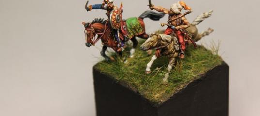 Ïî ìåðå ãîòîâíîñòè êàçàêà ïðèõîäèëà ìûñëü î òîì, ÷òî åìó íóæåí ïðîòèâíèê - ðàññìàòðèâàëèñü âàðèàíòû ïîëüñêîãî êðûëàòîãî ãóñàðà, ìîñêîâèòà, òóðêà èëè òàòàðèíà. Ñàìûì ñèëüíûì áûëî æåëàíèå ïðîòèâîïîñòàâèòü åìó åâðîïåéñêîãî êèðàñèðà èëè ðåéòàðà – íî ýòè ïàðíè â äîñòîéíîì êà÷åñòâå â 72-ì ìàñøòàáå îòñóòñòâóþò êàê òàêîâûå. Êðûëàòûé ãóñàð áûë îòâåðãíóò, ïîñêîëüêó íåîõîòà áûëî âåñòè äîëãèå äîðàáîòêè çâåçäîâñêèõ ôèãóð. À âîò òóðîê ïîäîøåë â ñàìûé ðàç ïî âñåì êðèòåðèÿì, â ïåðâóþ î÷åðåäü èç-çà íåîãðàíè÷åííîãî ïðîñòîðà â îòîáðàæåíèè ïðåäìåòîâ ðîñêîøè íà ôèãóðêå, ñòàíîâÿñü ñâîåîáðàçíûì àíòèïîäîì áåäíîâàòîãî êàçàêà. Äëÿ ýòîãî áûëà èçáðàíà ôèãóðà ñî ùèòîì (ìîæíî ñäåëàòü ðèñóíîê), â äëèííîì õàëàòå (âîçìîæíîñòü ïðîðèñîâàòü óçîðû íà îäåæäå), ïî òîé æå ïðè÷èíå è ëîøàäü áûëà ïîäîáðàíà ñ áîëüøèì âàëüòðàïîì. Ñàìà ìèíèàòþðà áûëà ñëåãêà ïîäêîíâåð÷åíà, äàáû ãàðìîíè÷íî ñìîòðåëàñü â êîìïîçèöèè ñ êàçàêîì. Òåõíèêà ðîñïèñè èñïîëüçîâàëàñü òà æå ÷òî è íà çàïîðîæöå, òîëüêî àáñîëþòíî èíûì áûë ïîäáîð öâåòîâ – îñíîâà - êðàñíî-ðûæå-êîðè÷íåâàÿ ãàììà ñ äîáàâëåíèåì íåêîòîðûõ ÿðêèõ äåòàëåé. Èçþìèíêîé ðîñïèñè ïîñòàðàëñÿ ñäåëàòü óçîð íà âàëüòðàïå ëîøàäè, ìàñòü êîòîðîé òàê æå áûëà íåñëó÷àéíî âûáðàíà çîëîòèñòî-ãíåäîé, äëÿ ïóùåé íàðÿäíîñòè è ÿðêîñòè ôèãóðû. Âîîáùå ïðè ðîñïèñè êàâàëåðèñòà ëîøàäü çàñëóæèâàåò åäâà ëè íå áîëüøåãî âíèìàíèÿ ÷åì âñàäíèê. Äàæå íå î÷åíü óäàâøèéñÿ êàâàëåðèñò áóäåò äîñòîéíî ñìîòðåòüñÿ íà õîðîøî ðàñïèñàííîé ëîøàäè, íî íåïðàâèëüíûé îêðàñ ëîøàäè âåñüìà èñïîãàíèò ðàáîòó, êàê áû íå ñòàðàòüñÿ ñ ðîñïèñüþ âñåõ ïðî÷èõ äåòàëåé.
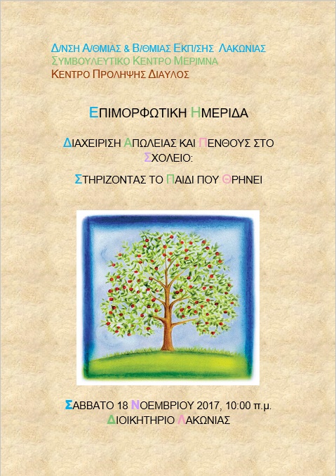 Η Διεύθυνση Δευτεροβάθμιας Εκπαίδευσης Λακωνίας, με πρωτοβουλία της Υπευθύνου του Συμβουλευτικού Σταθμού Νέων και των Υπευθύνων Σχολικών Δραστηριοτήτων Α/θμιας και Β/θμιας Εκπ/σης, οργανώνει, σε συνεργασία με το Κέντρο Πρόληψης Ν. Λακωνίας «Δίαυλος» και το Συμβουλευτικό Κέντρο για το Πένθος «Μέριμνα», επιμορφωτική ημερίδα με τίτλο: «Διαχείριση απώλειας και πένθους στο σχολείο».
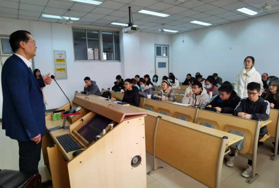 授课过程中,同学们就“对哲学的理解”和“围绕哲学的争论”等问题与欧阳康教授积极互动。欧阳康教授为同学们一一做出了详细的解答,并与同学们进行了充分而热烈的交流。同学们纷纷表示,这节不寻常的课程给他们留下了深刻的印象,使他们对哲学的理解又登上了一个新的阶梯,更加感受到了马克思主义哲学的深刻魅力。
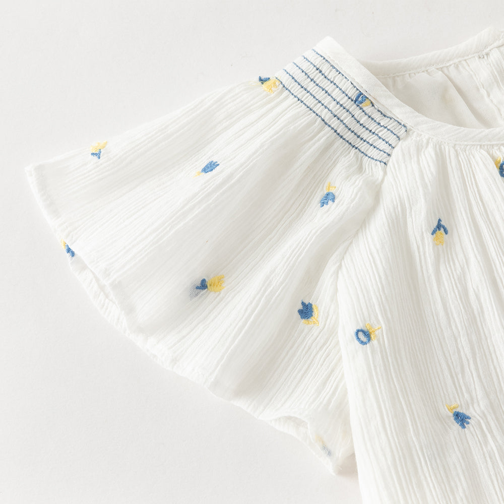 * Cute beige flutter sleeve top with round collar, sweet and breathable

**YOUR TASK:**
Every line from the start of the material through the line containing "Η Διεύθυνση Δευτεροβάθμιας" is needed exactly as written; the pictures are not.

**EXERCISE RESULT:**
 Ïî ìåðå ãîòîâíîñòè êàçàêà ïðèõîäèëà ìûñëü î òîì, ÷òî åìó íóæåí ïðîòèâíèê - ðàññìàòðèâàëèñü âàðèàíòû ïîëüñêîãî êðûëàòîãî ãóñàðà, ìîñêîâèòà, òóðêà èëè òàòàðèíà. Ñàìûì ñèëüíûì áûëî æåëàíèå ïðîòèâîïîñòàâèòü åìó åâðîïåéñêîãî êèðàñèðà èëè ðåéòàðà – íî ýòè ïàðíè â äîñòîéíîì êà÷åñòâå â 72-ì ìàñøòàáå îòñóòñòâóþò êàê òàêîâûå. Êðûëàòûé ãóñàð áûë îòâåðãíóò, ïîñêîëüêó íåîõîòà áûëî âåñòè äîëãèå äîðàáîòêè çâåçäîâñêèõ ôèãóð. À âîò òóðîê ïîäîøåë â ñàìûé ðàç ïî âñåì êðèòåðèÿì, â ïåðâóþ î÷åðåäü èç-çà íåîãðàíè÷åííîãî ïðîñòîðà â îòîáðàæåíèè ïðåäìåòîâ ðîñêîøè íà ôèãóðêå, ñòàíîâÿñü ñâîåîáðàçíûì àíòèïîäîì áåäíîâàòîãî êàçàêà. Äëÿ ýòîãî áûëà èçáðàíà ôèãóðà ñî ùèòîì (ìîæíî ñäåëàòü ðèñóíîê), â äëèííîì õàëàòå (âîçìîæíîñòü ïðîðèñîâàòü óçîðû íà îäåæäå), ïî òîé æå ïðè÷èíå è ëîøàäü áûëà ïîäîáðàíà ñ áîëüøèì âàëüòðàïîì. Ñàìà ìèíèàòþðà áûëà ñëåãêà ïîäêîíâåð÷åíà, äàáû ãàðìîíè÷íî ñìîòðåëàñü â êîìïîçèöèè ñ êàçàêîì. Òåõíèêà ðîñïèñè èñïîëüçîâàëàñü òà æå ÷òî è íà çàïîðîæöå, òîëüêî àáñîëþòíî èíûì áûë ïîäáîð öâåòîâ – îñíîâà - êðàñíî-ðûæå-êîðè÷íåâàÿ ãàììà ñ äîáàâëåíèåì íåêîòîðûõ ÿðêèõ äåòàëåé. Èçþìèíêîé ðîñïèñè ïîñòàðàëñÿ ñäåëàòü óçîð íà âàëüòðàïå ëîøàäè, ìàñòü êîòîðîé òàê æå áûëà íåñëó÷àéíî âûáðàíà çîëîòèñòî-ãíåäîé, äëÿ ïóùåé íàðÿäíîñòè è ÿðêîñòè ôèãóðû. Âîîáùå ïðè ðîñïèñè êàâàëåðèñòà ëîøàäü çàñëóæèâàåò åäâà ëè íå áîëüøåãî âíèìàíèÿ ÷åì âñàäíèê. Äàæå íå î÷åíü óäàâøèéñÿ êàâàëåðèñò áóäåò äîñòîéíî ñìîòðåòüñÿ íà õîðîøî ðàñïèñàííîé ëîøàäè, íî íåïðàâèëüíûé îêðàñ ëîøàäè âåñüìà èñïîãàíèò ðàáîòó, êàê áû íå ñòàðàòüñÿ ñ ðîñïèñüþ âñåõ ïðî÷èõ äåòàëåé.
 Η Διεύθυνση Δευτεροβάθμιας Εκπαίδευσης Λακωνίας, με πρωτοβουλία της Υπευθύνου του Συμβουλευτικού Σταθμού Νέων και των Υπευθύνων Σχολικών Δραστηριοτήτων Α/θμιας και Β/θμιας Εκπ/σης, οργανώνει, σε συνεργασία με το Κέντρο Πρόληψης Ν. Λακωνίας «Δίαυλος» και το Συμβουλευτικό Κέντρο για το Πένθος «Μέριμνα», επιμορφωτική ημερίδα με τίτλο: «Διαχείριση απώλειας και πένθους στο σχολείο».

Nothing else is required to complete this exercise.